Bilir Turizm olarak 2020 yılına hangi hedeflerle girmiş, nasıl bir yol haritası çizmiştiniz? 

Bilir Turizmi 2006 yılında kurdum. Öncesinde 10 yıl bankacılık, beş yıl da kamu görevim oldu. Ardından bir şekilde turizm sektörüne geçmek istedim. 2006 yılında acenteyi kurduktan sonra aslında 2010 yılı itibariyle aktif olarak sektörde çalışmaya başladım. O sırada hem TÜRSAB’ı tanımak hem de sektörü daha iyi öğrenmek için yaklaşık 3-4 yılım bir nevi stajyerlik ve öğrencilikle geçtiğini söyleyebilirim. O dönem para kazandığımı söyleyemem. Zaten o sıralar 1-2 kişilik kadroyla çalıştım. 2010 yılı itibariyle işleri biraz daha öğrenince daha çok MICE sektöründe faaliyet göstermeye başladık. Ardından turizm, seyahat, konaklama, hava yolu, uçak biletleme işlerinin yanında işimizin yüzde 70-80’inini MICE bölümü almaya başladı. O dönem çok miktarda ulusal ve uluslararası organizasyonlar, kongreler, toplantılar, konserler, etkinlikler yaptık. 10 yıllık iş potansiyelimizin yüzde 80’inin MICE tarafında geçtiğini söyleyebilirim. 2020 yılı bizim belki firma olarak en iyi yıllarımızdan birisi olacaktı. Çünkü 2019’un sonları geldiğinde böyle bir planlamamız olmuştu. Yine 2020’de yapacağımız birçok etkinlik için 2019’da sözleşmeler yapmıştık, imzalar atmıştık. Fakat pandemi süreci bu sözleşmelerimizin neredeyse tamamının iptal edilmesine sebep oldu.

2019’un sonunda yaptığınız o planlarda ne kadarlık bir büyüme hedeflemiştiniz? Pandemiyle birlikte Bilir Turizmin kaybı ne oldu? 

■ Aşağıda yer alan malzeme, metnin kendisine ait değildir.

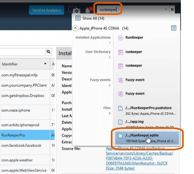 What we need to do now is conduct a quick keyword search for RunKeeper and find the database file. These databases add so much value to your investigation.
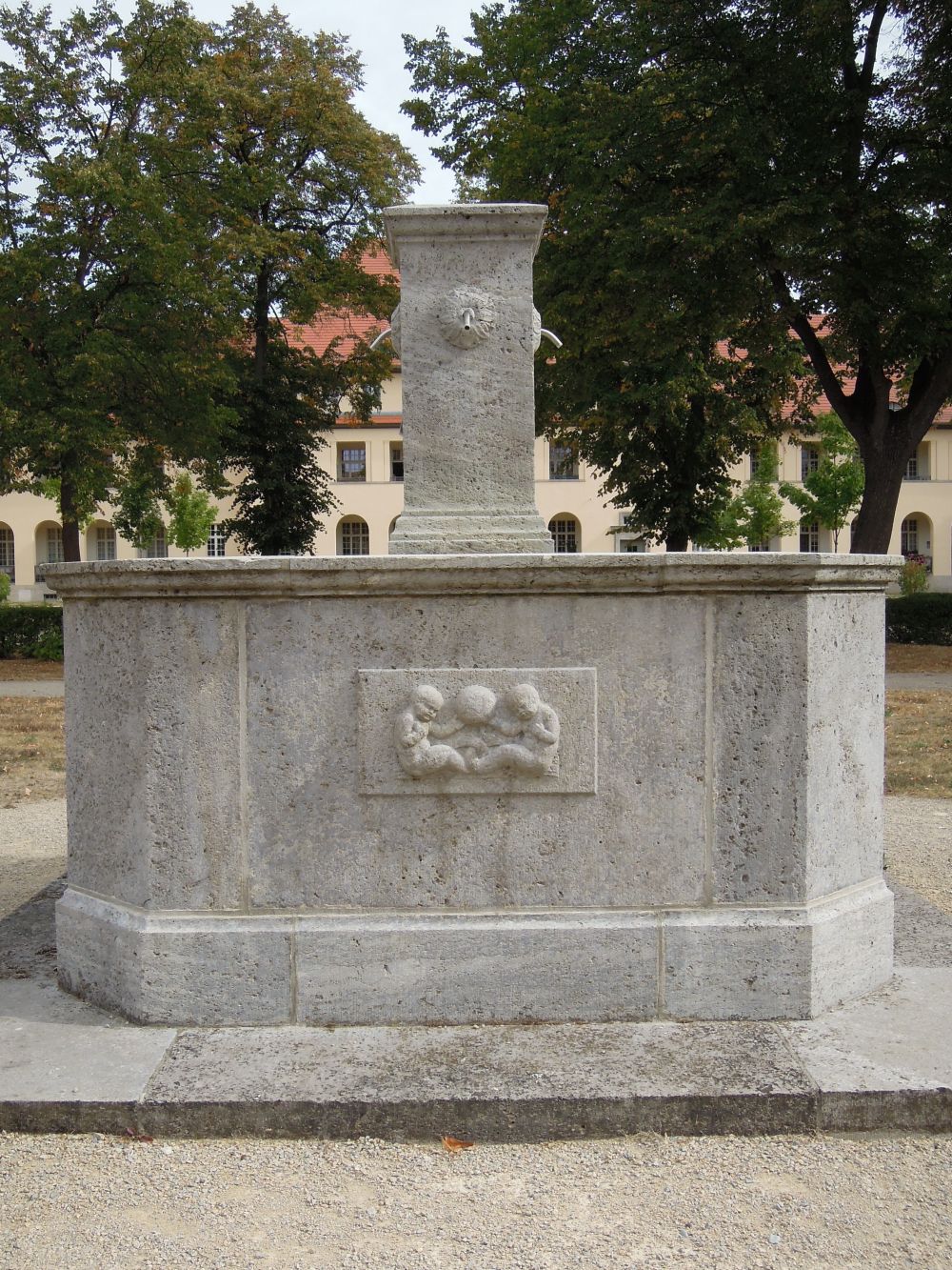 Zwei freistehende skulpturengeschmückte Schöpfbrunnen, die jeweils vor den Hausseiten (Haus 14 und 15) aufgestellt sind. Die gleichgestalteten achteckigen Brunnen haben einen mittleren Springpfeiler, auf dem ursprünglich eine Knabenfigur stand. Ihr gemauerter Brunnenkern ist mit Muschelkalksteinplatten verblendet, während die Brunnenböden in Terrazzo ausgeführt sind. Auf den vier Längsseiten der Brunnentröge ist Reliefschmuck aufgesetzt. Er zeigt Motive, die der Wasserwelt entnommen sind: Wasserfa-belwesen, Meeresgetier, Schildkröten und Meerjungfrauen (Jürgen Tomisch).

 Şöyle söyleyeyim, 2019 yılındaki işlem hacmimizi bu yıl yüzde 80 arttırmayı hedeflemiştik. Fakat bugün gelinen noktada geçen 2019’un oranının belki yüzde 20’sini bile  yakalayamayacağımız bir duruma geldik. Şu an ki durum böyle. Yaklaşık 25 tane çalışanımız 8 aydan beri işbaşı yapamadı. Ama biz arkadaşlarımızın haklarını, ödemelerini olabildiğince yapmaya ve destek olmaya çalışıyoruz. Ama daha ne kadar gider, şu anda böyle bir belirsizlik var. MICE’ın acente faaliyetlerinizin yüzde 80’inini oluşturduğunu söylediniz. Nitekim sektör, pandemiden en ağır darbeyi alanların başında geldi. Etkinlik sektöründeki son durum nedir? 

Doğru, MICE sektörü çok ciddi anlamda etkilendi ama sadece bu değil. Turizm sektörünün bütün paydaşları, bütün iş kolları etkilendi. Hava yolları, oteller, turizm taşımacıları, seyahat acentelerimiz etkilendi. Tabii bunların içinde MICE sektörü etkilendi. MICE deyince sektör ikiye de ayrılıyor. Bir, TÜRSAB üyesi olan seyahat acentesi pozisyonunda bizim gibi sektörde hizmet veren acenteler. Diğer taraftan da MICE’ın diğer paydaşları; teknikçiler, taşımacılar vs. Bunlar bağlantılı olan yerler. Şimdi biz tabii MICE sektörü için direkt olarak burada bir şey söylemek mümkün değil ancak bütün sektörler etkilendi. Önce bunu söyleyelim.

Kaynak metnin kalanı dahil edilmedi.